In July 2003, John Chipman, a producer for CBC Radio's The Current, travelled to Srebrenica to report on the eighth anniversary of the massacre of 8,000 Bosnian Muslims by Bosnian Serbs.

Serb forces attacked Srebrenica in early July 1995. By July 12, Muslim women and children were being bused to Muslim territory. Men between the ages of 12 and 77 were detained for questioning.

By July 16, reports of the massacre of Muslim men began to leak out, as Muslim soldiers who managed to get out of Srebrenica started arriving in Muslim-held territory.





Hasan Nuhanovic and wife
Hasan Nuhanovic knows the mountains towering over Srebrenica well.

For three years, they were his second home.

During the war in Bosnia, he worked for United Nations peacekeepers as a translator and a guide.
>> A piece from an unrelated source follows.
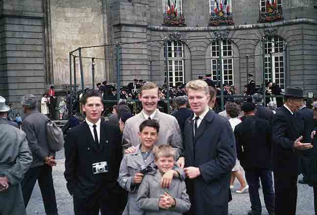 | August 15 (continued)—In front of the bandstand, the three missionaries are Elders Dan Aldridge, David Halliday, and Dee Peterson. The boys, if I recall aright, are Henri and Jean Daviron. |

He helped soldiers navigate the terrain, pointing out the Serb artillery units perched atop the nearby hills.

That job saved his life.

When Serb forces overran Srebrenica in the summer of 1995, he was allowed to stay inside the old, sprawling battery factory that the Dutch troops were using as their base.

His family, however, was not allowed to stay. As Nuhanovic watched, his parents and brother were marched out to the compound gate.

Serb soldiers waited just outside.

"I brought my brother [to Srebrenica] to serve him to the Serbs on a plate, says Nuhanovic. I thought I did the best thing at that moment; to bring him to the safest place in the region, which was the Dutch battalion base, not knowing they were going to hand him over to the Serbs. If he had gone to the forests with his friends many of his friends survived. At least he would have had a chance to run and fight for his life.


Srebrenica
It's been almost eight years since the end of the war in Bosnia. For relatives of the victims, the pain lingers. Many are left wondering what happened to their missing loved ones.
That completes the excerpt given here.